Bancarotta impropria anche per le valutazioni
La Corte di Cassazione, nella sentenza n. 41541, depositata ieri, ha ribadito alcuni principi in tema di bancarotta fraudolenta impropria da false comunicazioni sociali, ex art. 223 comma 2 n. 1 del RD 267/42, e da operazioni dolose, ex art. 223 comma 2 n. 2 del RD 267/42.
Quanto alla prima, si ricorda come sia configurabile anche in relazione alla esposizione in bilancio di enunciati valutativi se l’agente, in presenza di criteri di valutazione normativamente fissati o di criteri tecnici generalmente accettati, se ne discosti consapevolmente e senza fornire adeguata informazione giustificativa, in modo concretamente idoneo a indurre in errore i destinatari delle comunicazioni (cfr. Cass. n. 46689/2016).

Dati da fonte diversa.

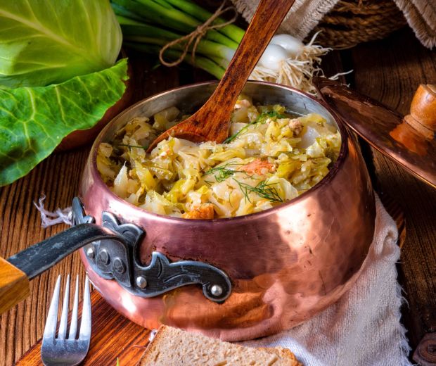 A káposztát szeleteljük fel vékonyra, majd tegyük egy közepes lábasba. Öntsük rá a vizet, adjuk hozzá a sót, a kétféle borsot, és főzzük közepes lángon körülbelül 5-10 percig, amíg a káposzta kissé megpuhul. Ezután öntsük hozzá az ecetet, keverjük össze és tegyük félre. A bacont vágjuk apró darabokra, pirítsuk meg, majd amikor már szépen barnul, adjuk hozzá az apróra vágott hagymát és pirítsuk tovább, amíg aranybarna nem lesz. A hagymás bacont öntsük a káposztához, a visszamaradt zsírt pedig hagyjuk a serpenyőben. Olvasszuk fel rajta a vajat, adjuk hozzá a lisztet és kevergessük 1 percig, amíg világos rántást nem kapunk, majd ezt is adjuk a káposztához. Tegyük vissza a lábast kis lángra, és főzzük fedő nélkül addig, amíg a leve részben elpárolog és a káposzta besűrűsödik (10-15 perc). Friss kaporral megszórva tálaljuk.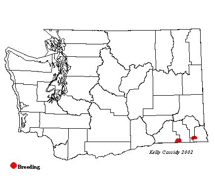 Green-tailed Towhees are local and uncommon breeders at moderate elevations in steep, shrubby areas of the Blue Mountains in far-southeastern Washington. They breed at the Wenatchee Guard Station, the Asotin Creek Wildlife Area in Asotin County, and along the south slopes of the Blue Mountains, at Biscuit Ridge, near Dixie in Walla Walla County.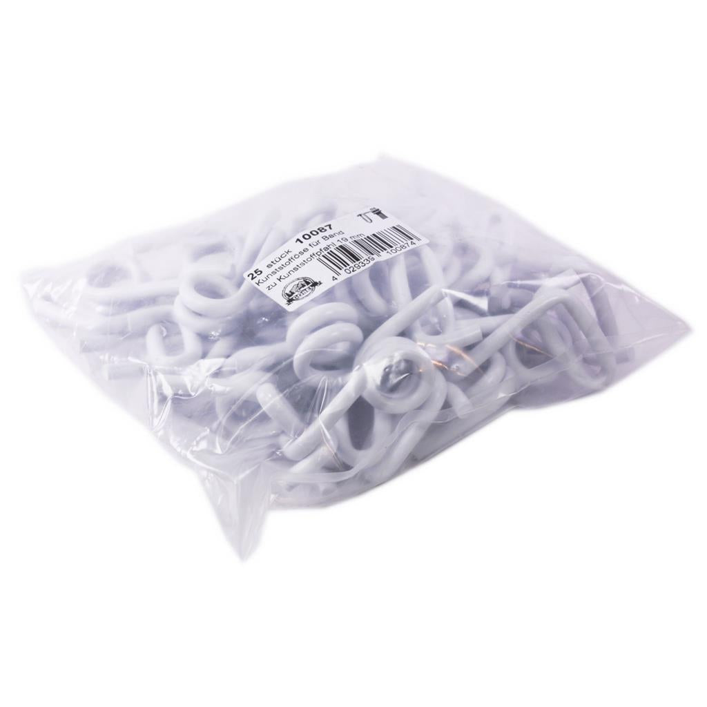 Der Klemmisolator »Kunststoffpfahl« 25x, für Ø 19mm Pfahl, Band ist weiß. Klemmisolator mit Kunststofföse für Kunststoffpfahl 19mm, Bänder bis 40mm, Beutel à 25 Stück

Quanto alla seconda, si conferma come le operazioni dolose potrebbero consistere anche nel sistematico inadempimento delle obbligazioni fiscali e previdenziali, ove questo sia frutto di una consapevole scelta gestionale da parte degli amministratori della società da cui consegua il prevedibile aumento della sua esposizione debitoria nei confronti dell’Erario e degli enti previdenziali (cfr. Cass. n. 24752/2018).
Dal punto di vista dell’elemento soggettivo, inoltre, non occorre il dolo specifico diretto alla causazione del fallimento, ma solo il dolo generico, ossia la coscienza e volontà delle singole operazioni e la prevedibilità del dissesto come conseguenza della condotta antidoverosa; circostanza ritraibile dall’aggravamento delle posizioni debitorie per l’applicazione degli interessi e delle sanzioni inflitte dagli enti erariali e previdenziali (cfr. Cass. n. 16111/2024).